Getting started with Kubernetes on Ubuntu
Post edit note: This is my excruciating journey migrating into the world of Kubernetes from a docker-compose based world. The end goal is setup where I can use traefik with both docker compose and kubernetes services. If you just want to get it done, I suggest you skip the end where I've provided working implementation. Otherwise, you can enjoy my raw notes and learnings in full.
I've reached a infrastructure maturity point where I'm beginning to run in to challenges with managing multiple containers. I'm currently running my applications with docker compose (it's okay for my use case since I'm serving small internal tools with a user community of less than a 100, also the applications are not mission critical).
I'm also running in to limitations on how quickly I can develop and deploy applications and push updates. The current deployment process is very manually where I manually create docker-compose file with my services. Every time I want to make an update, I will have to build the docker image and push it to my image repository and then re-run docker compose. I want to be able to run my development workflow on my desktop, and then push the code to a git repository which should automatically build and deploy the new container (CI/CD). I have zero previous experience with this kind of workflow but after a lot of research and conversations with people who have worked with such workflows, I have decided I need to migrate from docker compose to Kubernetes.
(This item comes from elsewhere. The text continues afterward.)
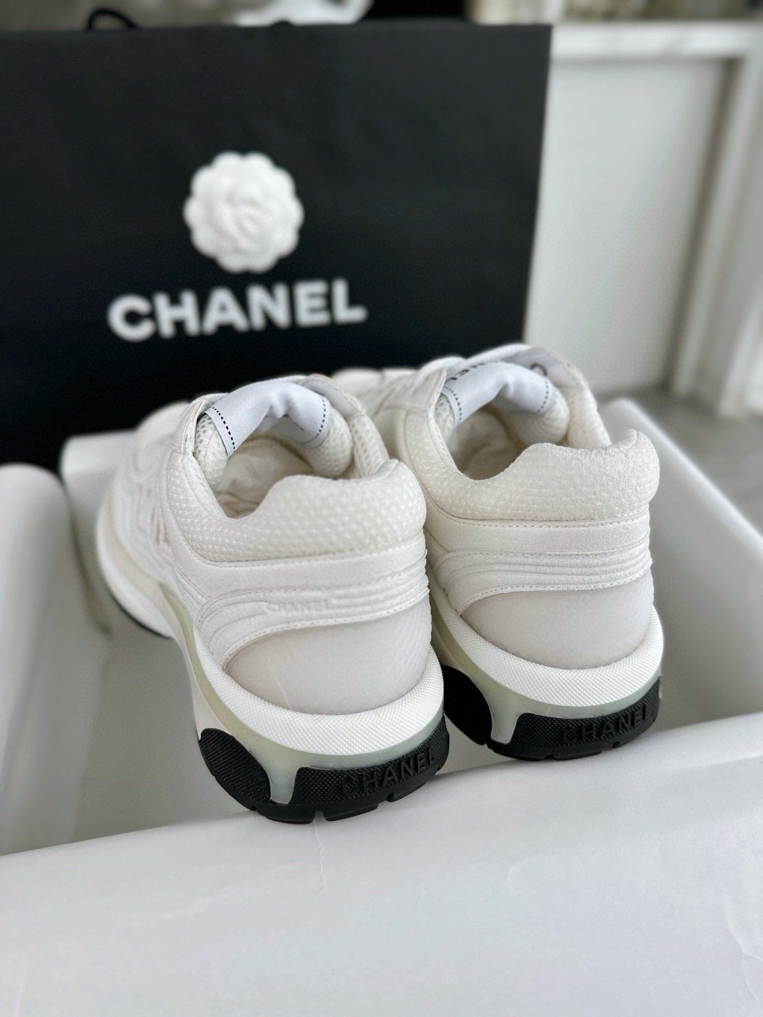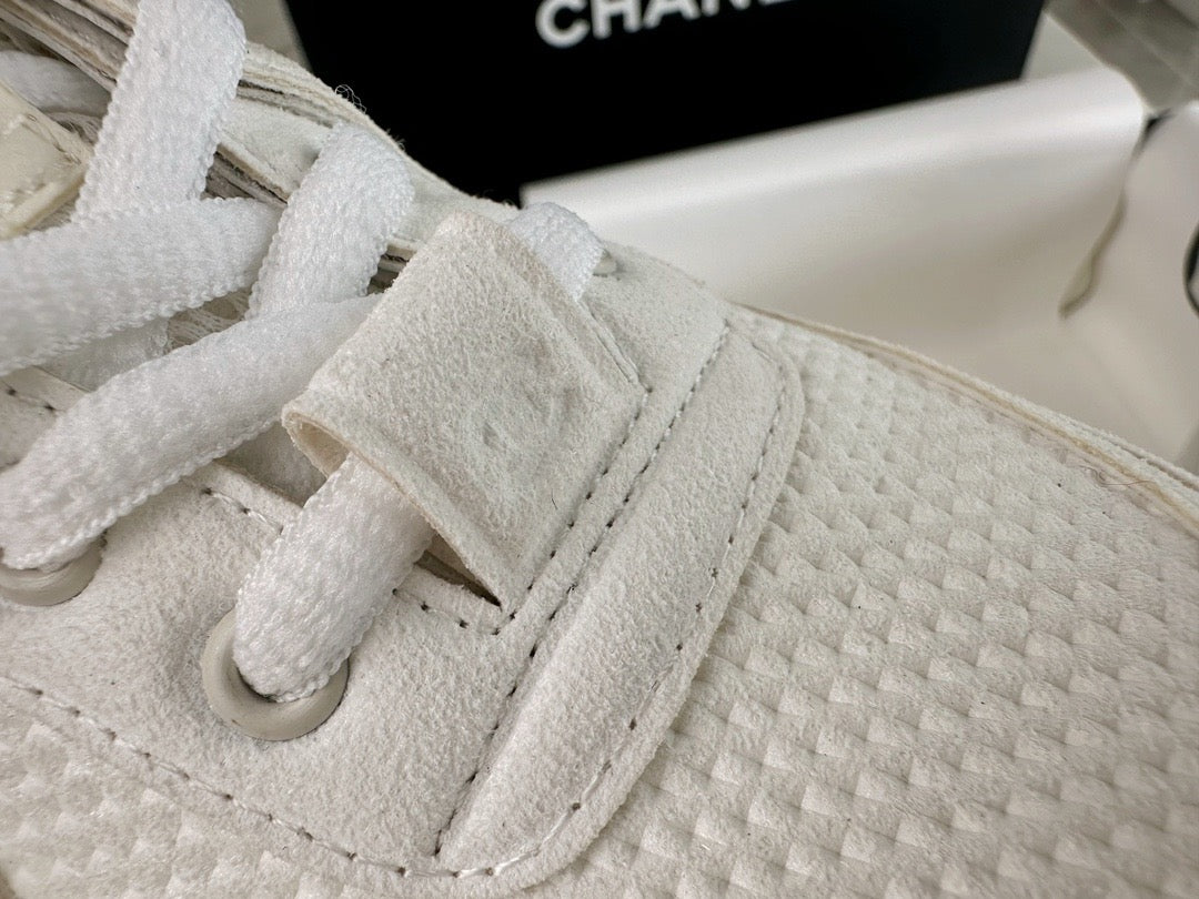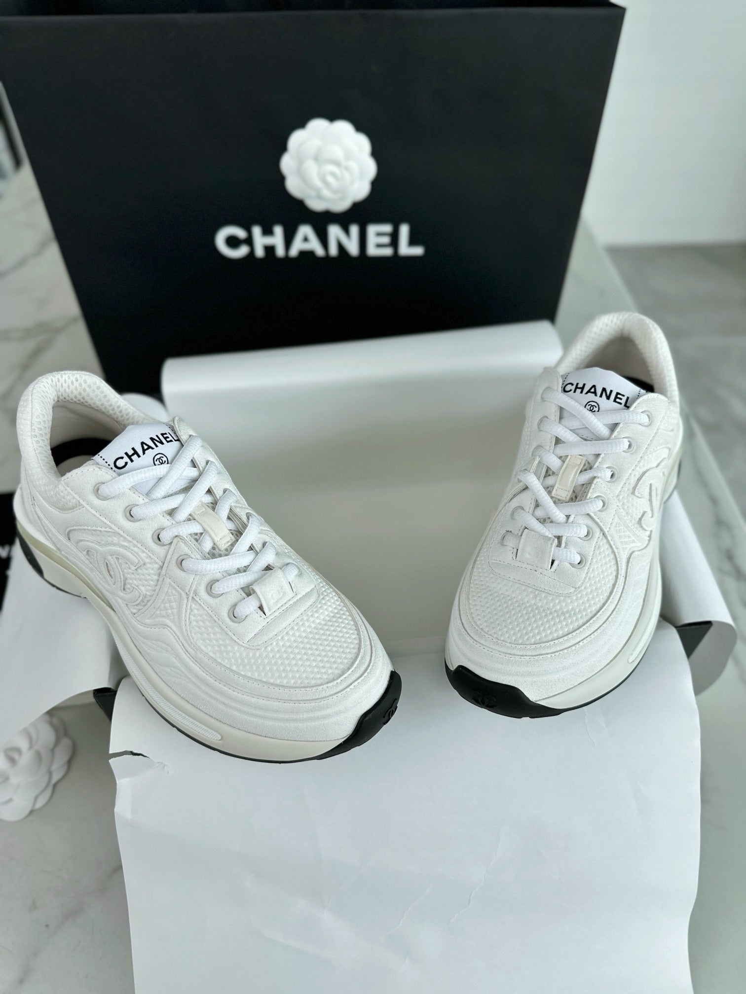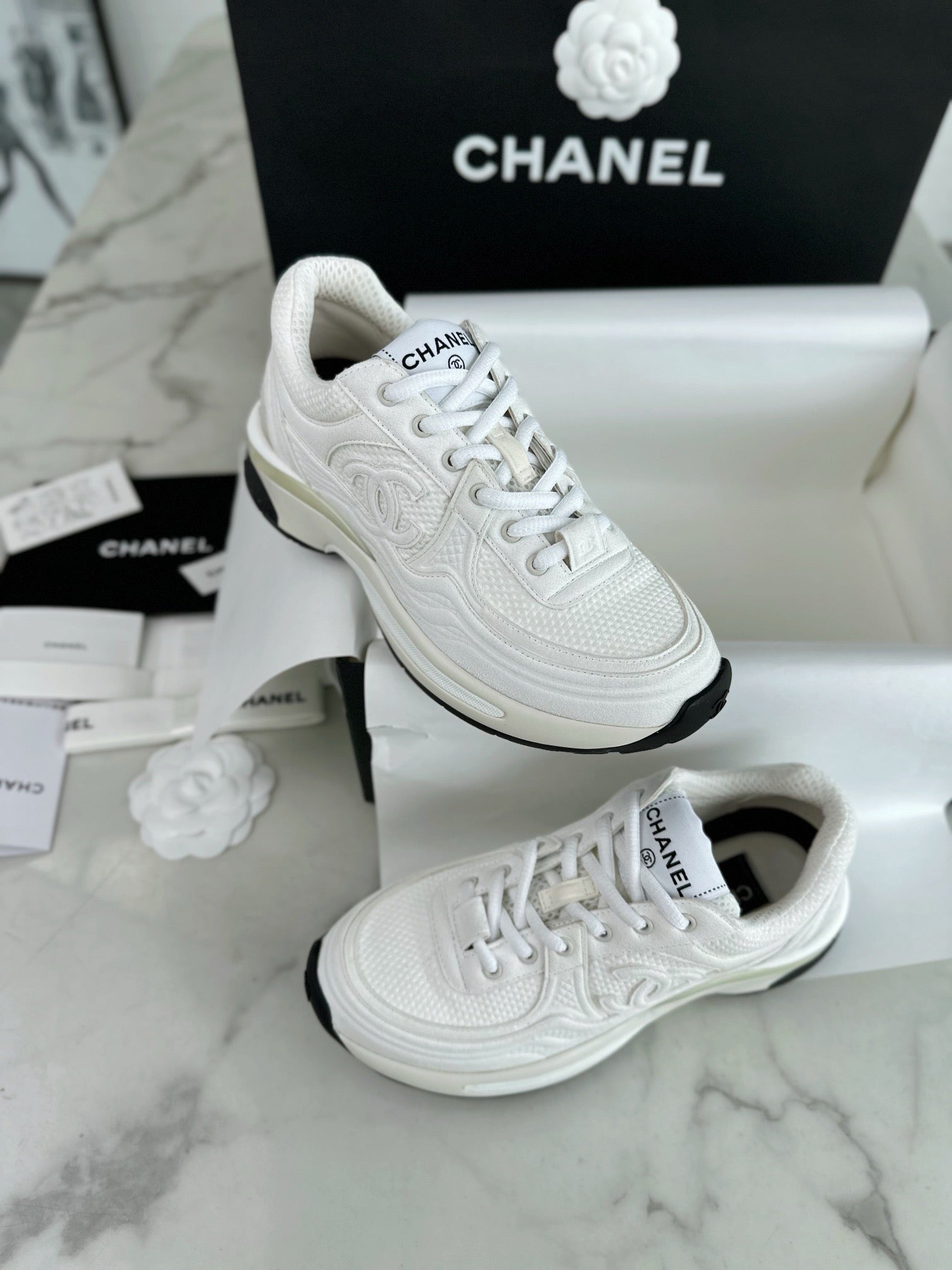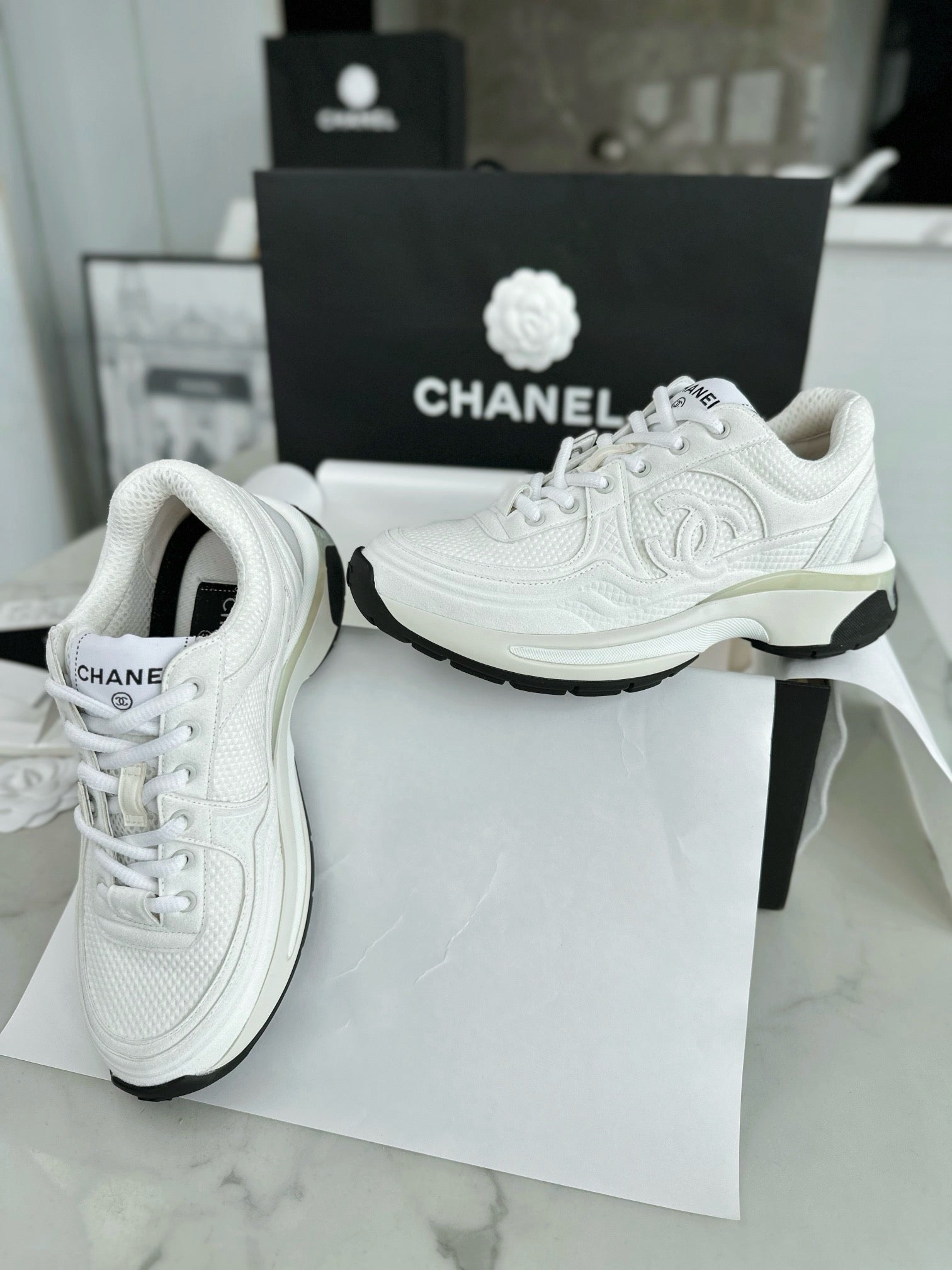 샤식스는 스니커즈와 플랫슈즈의 중간 형태로, 간결한 실루엣과 부드러운 곡선 라인이 조화를 이룹니다. 가볍고 유연한 패브릭 소재가 사용되어 장시간 착용해도 편안함을 제공하며, 샤넬 로고와 디테일은 절제된 고급스러움을 더합니다.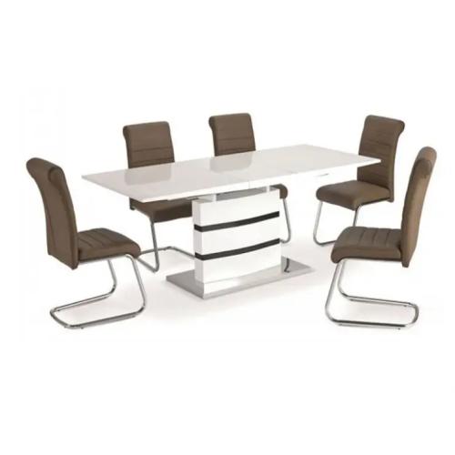 The table draws the eye with a metallic base made of carbon steel, while the top of the MDF material is the definition of upscale elegance. Whether it's having breakfast with the whole family or sipping coffee alone, you'll start your day with this unique set of utensils.

Of course I have some unique challenges in my environment, it's an air-gapped server which is going to be the only node and serve as both master and worker node.
I have setup kubernetes on the Ubuntu server using snap microk8s package.
I was able to get the dashboard running using the instruction on https://microk8s.io/docs/addon-dashboard
Some of the things I'm struggling with at this point are:
- How do I setup a custom SSL certificate for the UI dashboard?
- How do I setup traefik as ingress controller?
Perhaps just setting this up and exposing the dashboard service via it will kill two birds with one stone.
I have setup traefik dashboard to work with Kubernetes using the scripts available at https://docs.traefik.io/v2.0/user-guides/crd-acme/
I saved the yamls in different files and used kubectl apply -f {filename}. Also removed the Let's Encrypt stuff.
- Configure SSL certificates for this setup of traefik
- Configure IngressRoutes to point to a service running within the cluster
Note: I had to docker-compose down the existing traefik2 to release the existing ports. However, 443 was still not bindable, possibly because some other container is using it after traefik shut down. Edit: Port forwarding 443 requires root account privileges to work
Configuring TLS Certificates
The setting up certificates required understanding of some new Kubernetes concepts:
- ConfigMap - an object that can store configuration independent of the pod
- Secret - an object to store secrets such as TLS certificate, keys, auth tokens etc
In the end, I only needed to use the Secret to be able to apply TLS to the connection. The Kubernetes documentation about secrets on was pretty clear on how secrets work. I essentially renamed my certificate and associated private key to tls.crt and tls.key and read them as files to create single secret like so:
kubectl create secret generic sub-domain-cert --from-file=./tls.crt --from-file=./tls.key
Subsequently, I saved the secret manifests so I can apply them easily in future like so:
kubectl get secret root-domain-cert -o yaml > root-domain-cert_secret.yml
Eventually in the ingress route manifest, added the tls option in the end referencing the correct certificate:
apiVersion: traefik.containo.us/v1alpha1
kind: IngressRoute
metadata:
name: ingressroutetls
namespace: default
spec:
entryPoints:
- websecure
routes:
- match: Host(`my.domain.com`)
kind: Rule
services:
- name: whoami
port: 80
tls:
secretName: root-domain-cert
Migrating existing docker compose services
With TLS and ingress routes configuration all set up, now I'm looking at how to migrate existing docker compose files. Luckily, there's something called kompose that can convert docker compose files to appropriate Kubernetes manifests. It might not be perfect but it's a start.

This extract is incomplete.